YOUR OBJECTIVE:
Restate the entries below exactly, and keep all images out of the answer.

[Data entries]
━━━
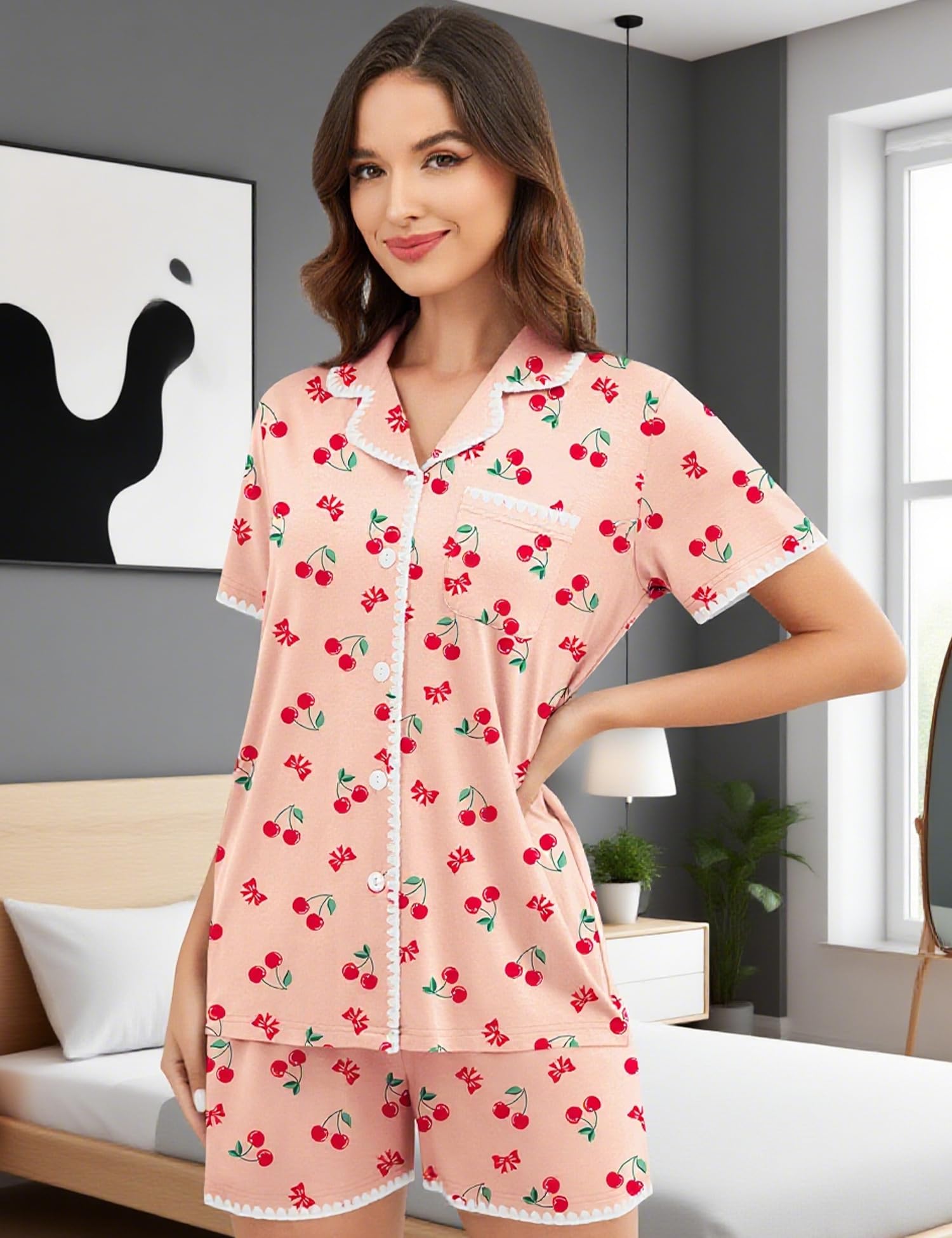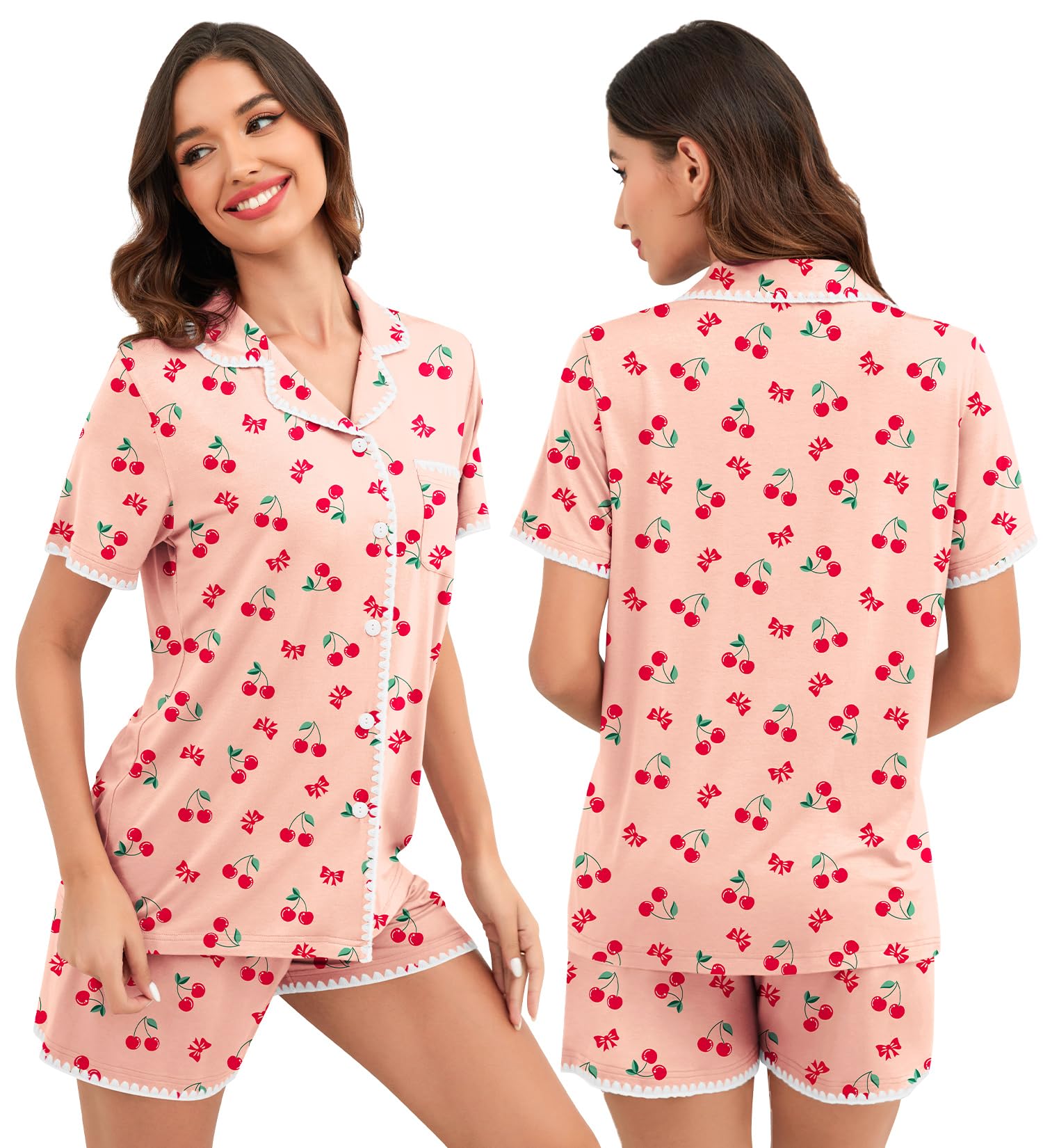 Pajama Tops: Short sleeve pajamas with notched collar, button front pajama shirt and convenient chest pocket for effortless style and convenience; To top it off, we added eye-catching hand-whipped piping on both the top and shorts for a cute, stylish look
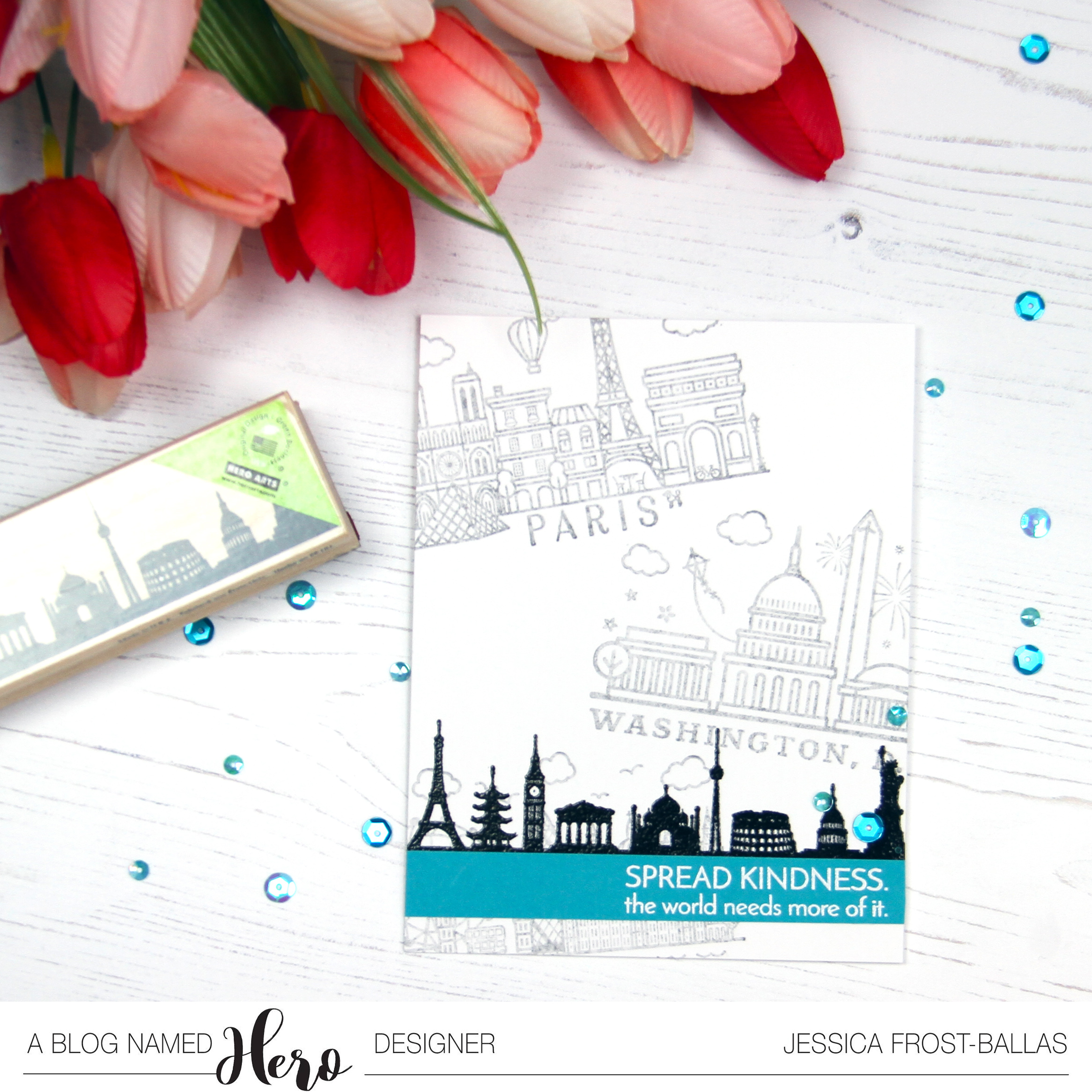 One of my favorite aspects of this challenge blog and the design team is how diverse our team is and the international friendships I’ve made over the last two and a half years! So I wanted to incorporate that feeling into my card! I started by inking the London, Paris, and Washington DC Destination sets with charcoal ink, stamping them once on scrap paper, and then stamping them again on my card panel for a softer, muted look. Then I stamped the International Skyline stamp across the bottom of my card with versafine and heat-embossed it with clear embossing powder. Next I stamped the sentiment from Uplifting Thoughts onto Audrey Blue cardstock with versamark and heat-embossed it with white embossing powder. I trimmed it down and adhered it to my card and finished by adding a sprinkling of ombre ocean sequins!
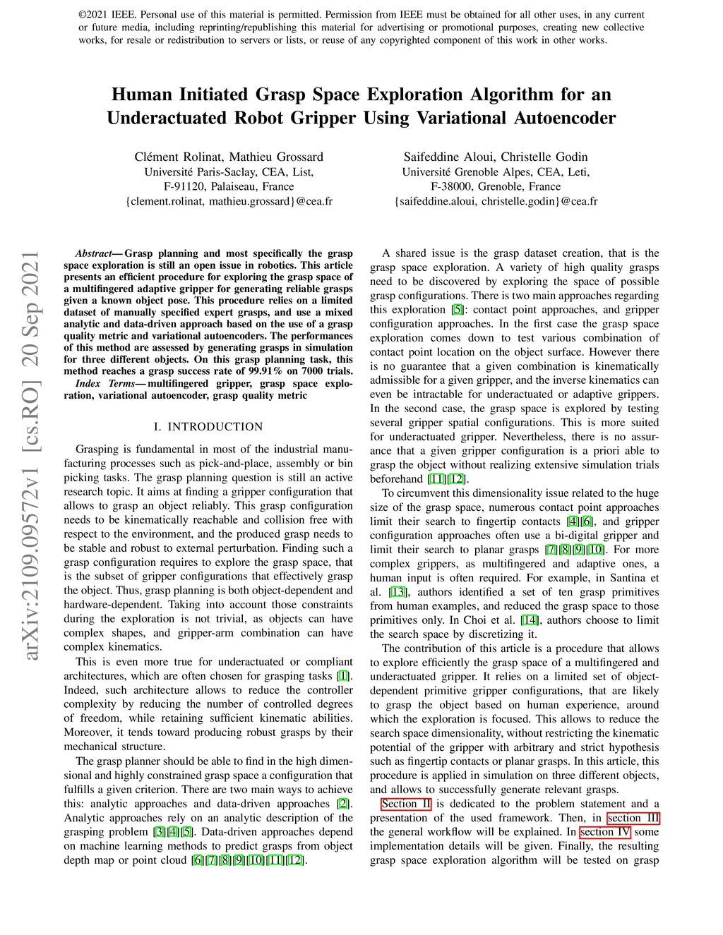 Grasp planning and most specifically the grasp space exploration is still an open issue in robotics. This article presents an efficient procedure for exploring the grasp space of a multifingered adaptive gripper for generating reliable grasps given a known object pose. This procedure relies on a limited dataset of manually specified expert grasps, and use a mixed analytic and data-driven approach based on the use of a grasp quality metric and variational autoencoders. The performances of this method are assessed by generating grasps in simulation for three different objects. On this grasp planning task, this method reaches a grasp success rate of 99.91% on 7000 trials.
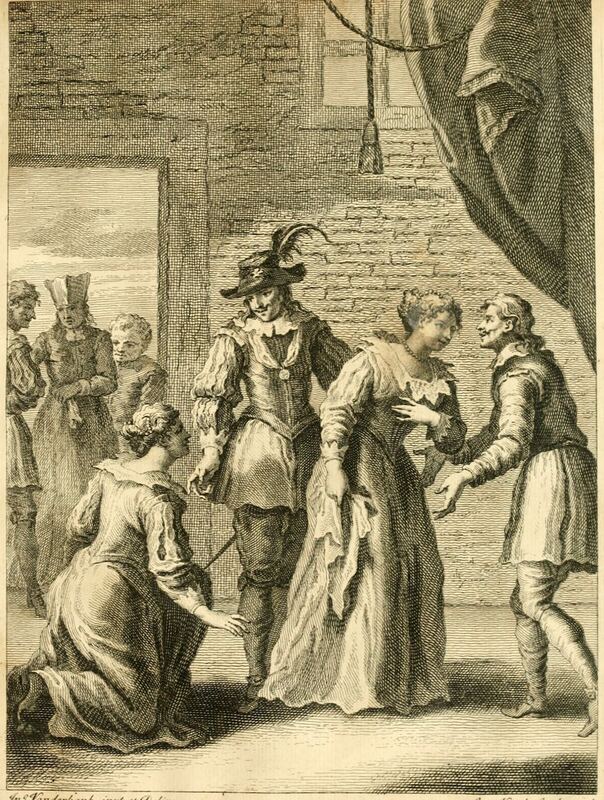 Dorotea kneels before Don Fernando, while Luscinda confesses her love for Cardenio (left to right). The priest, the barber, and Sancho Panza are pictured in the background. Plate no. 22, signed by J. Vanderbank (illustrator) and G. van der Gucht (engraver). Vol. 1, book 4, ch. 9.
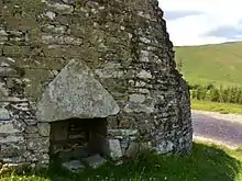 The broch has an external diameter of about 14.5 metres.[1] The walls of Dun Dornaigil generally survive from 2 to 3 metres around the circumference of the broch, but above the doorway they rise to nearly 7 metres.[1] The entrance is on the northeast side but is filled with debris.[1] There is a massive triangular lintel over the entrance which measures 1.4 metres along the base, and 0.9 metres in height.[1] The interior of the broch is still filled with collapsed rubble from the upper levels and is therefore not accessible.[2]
━━━
EXERCISE SOLUTION:
 Pajama Tops: Short sleeve pajamas with notched collar, button front pajama shirt and convenient chest pocket for effortless style and convenience; To top it off, we added eye-catching hand-whipped piping on both the top and shorts for a cute, stylish look
 One of my favorite aspects of this challenge blog and the design team is how diverse our team is and the international friendships I’ve made over the last two and a half years! So I wanted to incorporate that feeling into my card! I started by inking the London, Paris, and Washington DC Destination sets with charcoal ink, stamping them once on scrap paper, and then stamping them again on my card panel for a softer, muted look. Then I stamped the International Skyline stamp across the bottom of my card with versafine and heat-embossed it with clear embossing powder. Next I stamped the sentiment from Uplifting Thoughts onto Audrey Blue cardstock with versamark and heat-embossed it with white embossing powder. I trimmed it down and adhered it to my card and finished by adding a sprinkling of ombre ocean sequins!
 Grasp planning and most specifically the grasp space exploration is still an open issue in robotics. This article presents an efficient procedure for exploring the grasp space of a multifingered adaptive gripper for generating reliable grasps given a known object pose. This procedure relies on a limited dataset of manually specified expert grasps, and use a mixed analytic and data-driven approach based on the use of a grasp quality metric and variational autoencoders. The performances of this method are assessed by generating grasps in simulation for three different objects. On this grasp planning task, this method reaches a grasp success rate of 99.91% on 7000 trials.
 Dorotea kneels before Don Fernando, while Luscinda confesses her love for Cardenio (left to right). The priest, the barber, and Sancho Panza are pictured in the background. Plate no. 22, signed by J. Vanderbank (illustrator) and G. van der Gucht (engraver). Vol. 1, book 4, ch. 9.
 The broch has an external diameter of about 14.5 metres.[1] The walls of Dun Dornaigil generally survive from 2 to 3 metres around the circumference of the broch, but above the doorway they rise to nearly 7 metres.[1] The entrance is on the northeast side but is filled with debris.[1] There is a massive triangular lintel over the entrance which measures 1.4 metres along the base, and 0.9 metres in height.[1] The interior of the broch is still filled with collapsed rubble from the upper levels and is therefore not accessible.[2]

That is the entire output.